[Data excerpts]
>>>>

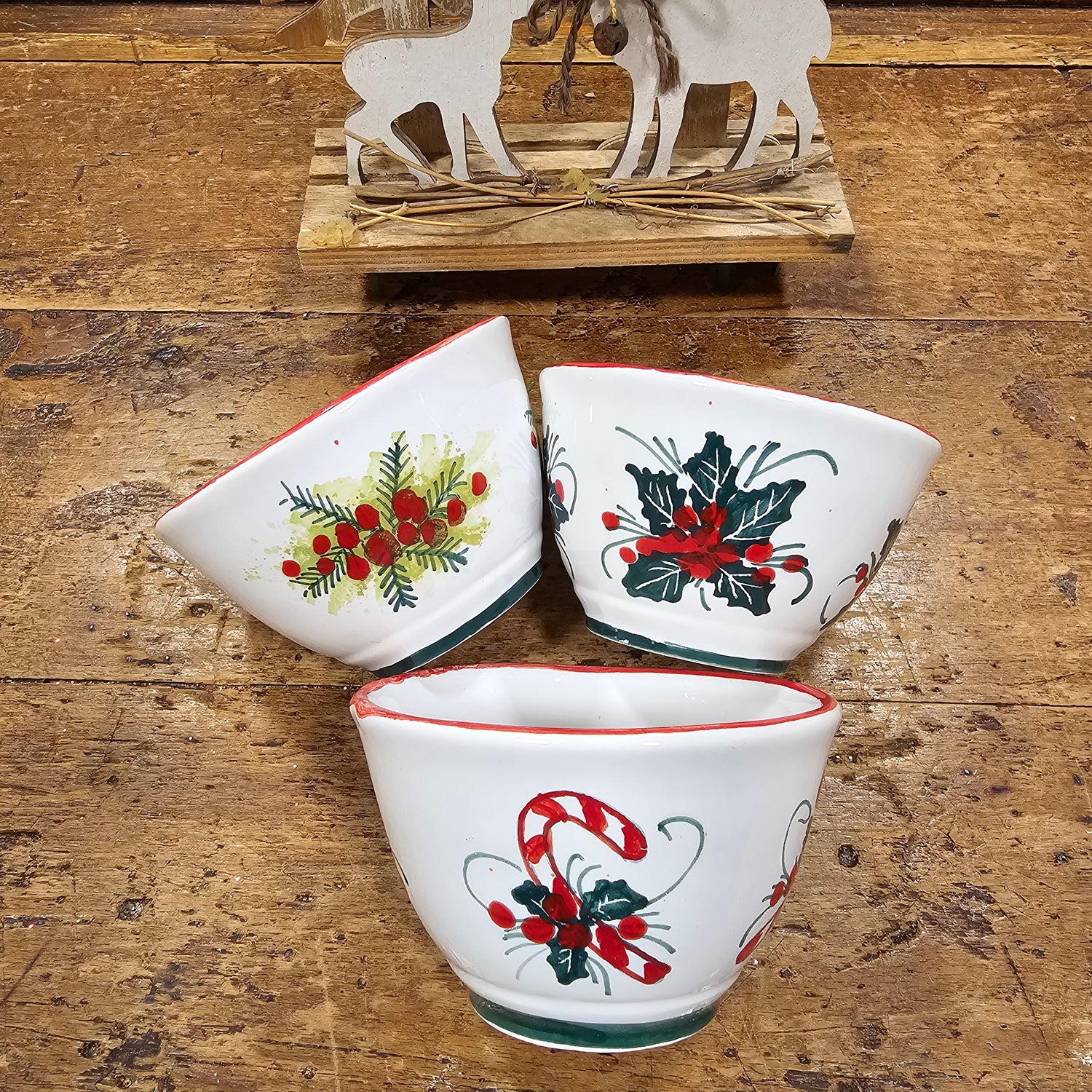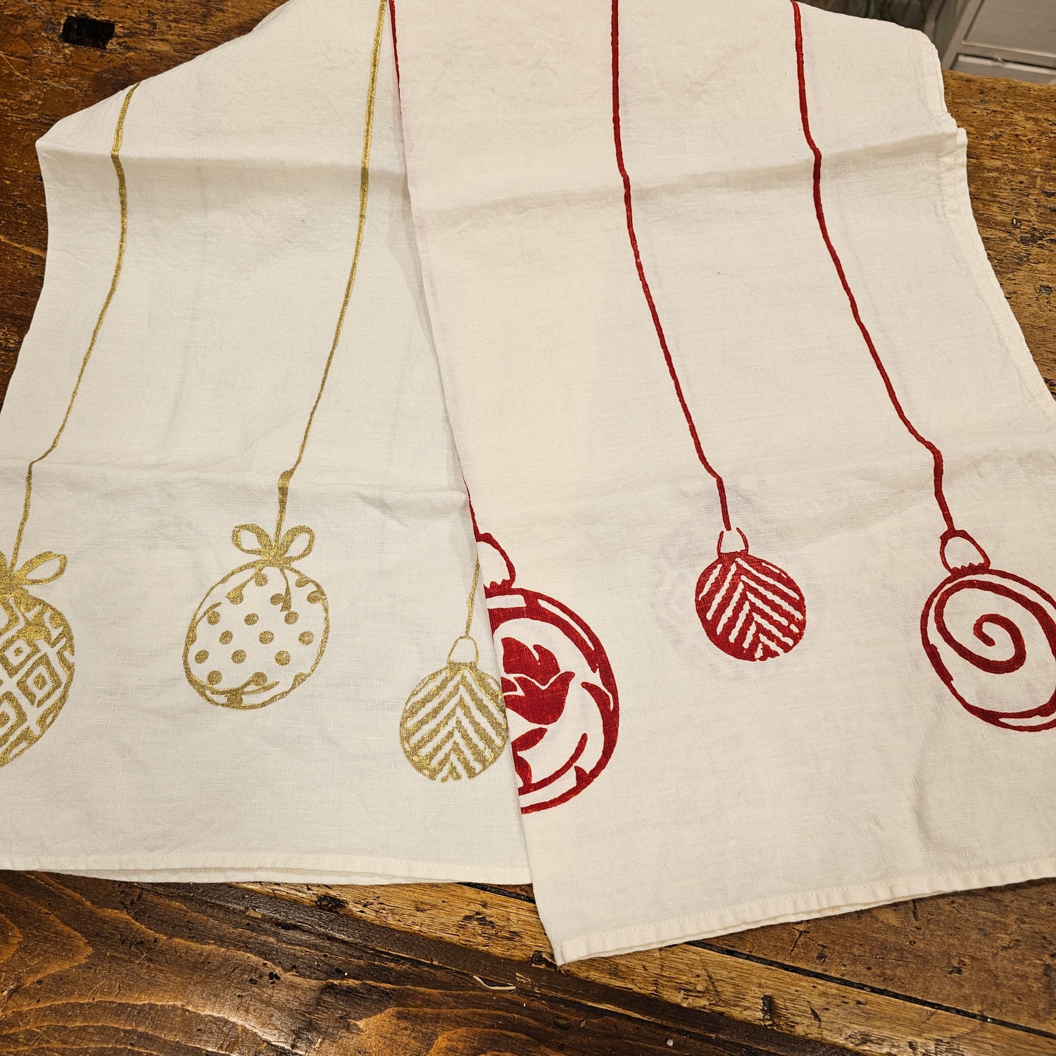 Christmas table runners hand-printed by expert craftsmen with bows and hearts prints,...
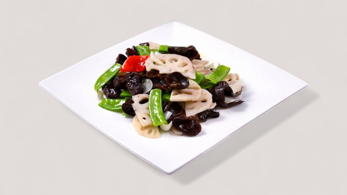 30.荷塘月色 Paistettua lotuksen juurta, sokeriherneitä ja korvasieniä
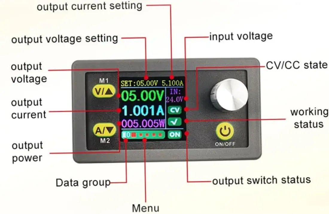 • Выход: 0.6–36V DC, 0–5.1A
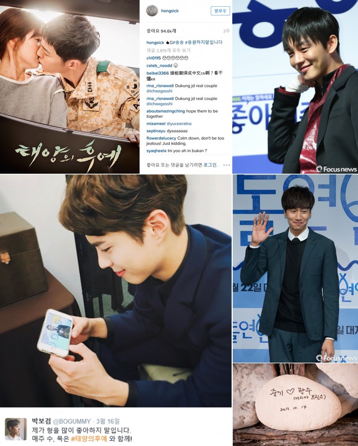 드라마 '태양의 후예'는 '우르크'라는 가상의 장소에 파병된 군인과 의사들의 이야기를 담고 있다. 극한 상황 속에서도 사랑하고 연대하는 사람들의 이야기를 담은 휴먼멜로 드라마다.배우 유아인, 박보검이 소셜네트워트서비스(SNS)를 통해 KBS2 수목드라마 '태양의 후예'에 빠졌음을 밝혔다. 이광수도 송중기와의 친분을 넘어 '태양의 후예' 팬임을 자청했다. 사진은 유아인 SNS, 이광수, 박보감 SNS(왼쪽 위부터 시계방향). 포커스뉴스DB <사진출처=유아인, 박보검 SNS, NEW 페이스북>
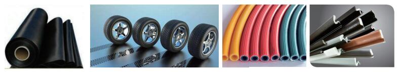 應(yīng)用領(lǐng)域:膠片、膠管、輪胎(內(nèi)外胎)、密封膠條、硅橡膠、阻尼橡膠等。
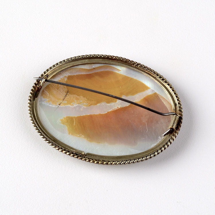 This beautiful pin/brooch was made in Russia and it features a miniature painting of a Winter scene with a church in the background. The mother-of-pearl shines effortlessly with luminosity, and it is set in a German silver border. This brooch has the artist's initials on the front and a simple pin on the back.

<<<<

Task details: Nothing in the entries above should change when they are printed again, except that the pictures are dropped.

Solution for this exercise:
 Christmas table runners hand-printed by expert craftsmen with bows and hearts prints,...
 30.荷塘月色 Paistettua lotuksen juurta, sokeriherneitä ja korvasieniä
 • Выход: 0.6–36V DC, 0–5.1A
 드라마 '태양의 후예'는 '우르크'라는 가상의 장소에 파병된 군인과 의사들의 이야기를 담고 있다. 극한 상황 속에서도 사랑하고 연대하는 사람들의 이야기를 담은 휴먼멜로 드라마다.배우 유아인, 박보검이 소셜네트워트서비스(SNS)를 통해 KBS2 수목드라마 '태양의 후예'에 빠졌음을 밝혔다. 이광수도 송중기와의 친분을 넘어 '태양의 후예' 팬임을 자청했다. 사진은 유아인 SNS, 이광수, 박보감 SNS(왼쪽 위부터 시계방향). 포커스뉴스DB <사진출처=유아인, 박보검 SNS, NEW 페이스북>
 應(yīng)用領(lǐng)域:膠片、膠管、輪胎(內(nèi)外胎)、密封膠條、硅橡膠、阻尼橡膠等。
 This beautiful pin/brooch was made in Russia and it features a miniature painting of a Winter scene with a church in the background. The mother-of-pearl shines effortlessly with luminosity, and it is set in a German silver border. This brooch has the artist's initials on the front and a simple pin on the back.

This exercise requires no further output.